Oficinistas políticos
LA CONFUSIÓN entre asociaciones con fines políticos y partidos en sentido estricto hace que no menos de medio millar de siglas -desde el PB (Partido del Bierzo) hasta el PIPA (Partido Independiente pro Política Austera)- figuren inscritas en el registro oficial de partidos políticos constituido al amparo de la ley de 4 de diciembre de 1978. Ley, como indica la fecha, anterior a la Constitución, pese a lo cual ninguna fuerza política ha propuesto la reforma de aquella normativa. De esos partidos y asociaciones, no más de un 10% se presenta efectivamente a las diversas elecciones y un número muy inferior obtiene representación parlamentaria. La Constitución considera a los partidos "expresión del pluralismo político" y les atribuye las funciones de contribuir a la "formación y manifestación de la voluntad popular" y de servir de cauce a "la participación política". Para cumplir tales fines, la norma fundamental exige expresamente que "su estructura interna y funcionamiento deberán ser democráticos".¿Lo son los partidos españoles? En general -pues hay casos dudosos-, los estatutos respetan los criterios propios de una organización democrática. Sin embargo, su práctica suele quedar lejos de ese ideal. Por una parte está la tendencia a la oligarquización característica de toda organización humana, política o no política; por la otra, la atenuación de los vínculos de identificación ideológica y la creciente especialización propia de las sociedades desarrolladas han producido una reducción paralela de las funciones propias de los militantes: los medios de comunicación son hoy más determinantes en la captación del voto que la movilización de los afiliados, las encuestas dan pistas sobre los deseos de los votantes más seguras que los informes de las células, la financiación pública de los partidos sustituye a las magras cuotas de los militantes.
Existe, pues, una cierta contradicción entre la protección jurídica y económica que la sociedad otorga a los partidos con la condición de que funcionen democráticamente y la creciente pérdida de control de los afiliados sobre las decisiones fundamentales de esas organizaciones. Se ha subrayado reiteradamente, en particular, la perversidad del mecanismo de designación de los candidatos, que permite a las cúpulas un eficaz control de cualquier eventual disidencia interna. Las listas abiertas podrían reducir ese efecto, pero no cabe esperar de tal modificación espectaculares cambios en los comportamientos de los electores: de hecho, los senadores son elegidos por un sistema que permite a los votantes confeccionar su propia candidatura, incluso combinando candidatos de diversas formaciones, sin que de ello se deriven resultados muy diferentes a los del Congreso.
Uno de los efectos de la pérdida de pulso democrático de los partidos es él alejamiento de ellos de las personas que intentan hacer compatible su vocación política y su mentalidad crítica.

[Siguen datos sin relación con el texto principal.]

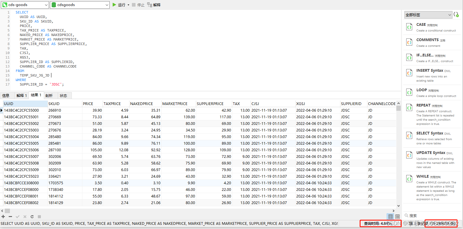 ? ? ?sql执行结果:执行耗时4秒多,返回24万多条数据

En España hay crisis de afiliación, especialmente entre la juventud (con la excepción de los partidos nacionalistas), pero sobre todo hay desviación hacia otras actividades paralelas de personas con aptitudes específicamente políticas. Así, a medida que se alejan las emociones fundacionales, son los apparatchiki con mentalidad oficinesca a los que conforman el núcleo principal de la militancia. Siendo pocos, y casi todos con mentalidad funcionarial, esos afiliados se acomodan a lo que hay, incluyendo las subvenciones estatales (9.000 millones de pesetas este año, al margen de la financiación electoral) que se reparten, con criterios endogámicos, a la vez que los cargos públicos o internos. Tal vez sea inevitable que así ocurra, pues parece ser una tendencia universal, pero al menos sería deseable una mayor transparencia. Por ejemplo, que -al margen de las funciones fiscalizadoras del Tribunal de Cuentaslos propios partidos expliquen con algún detalle cómo distribuyen los fondos que obtienen del presupuesto. Por ejemplo ahora, cuando nos piden el voto.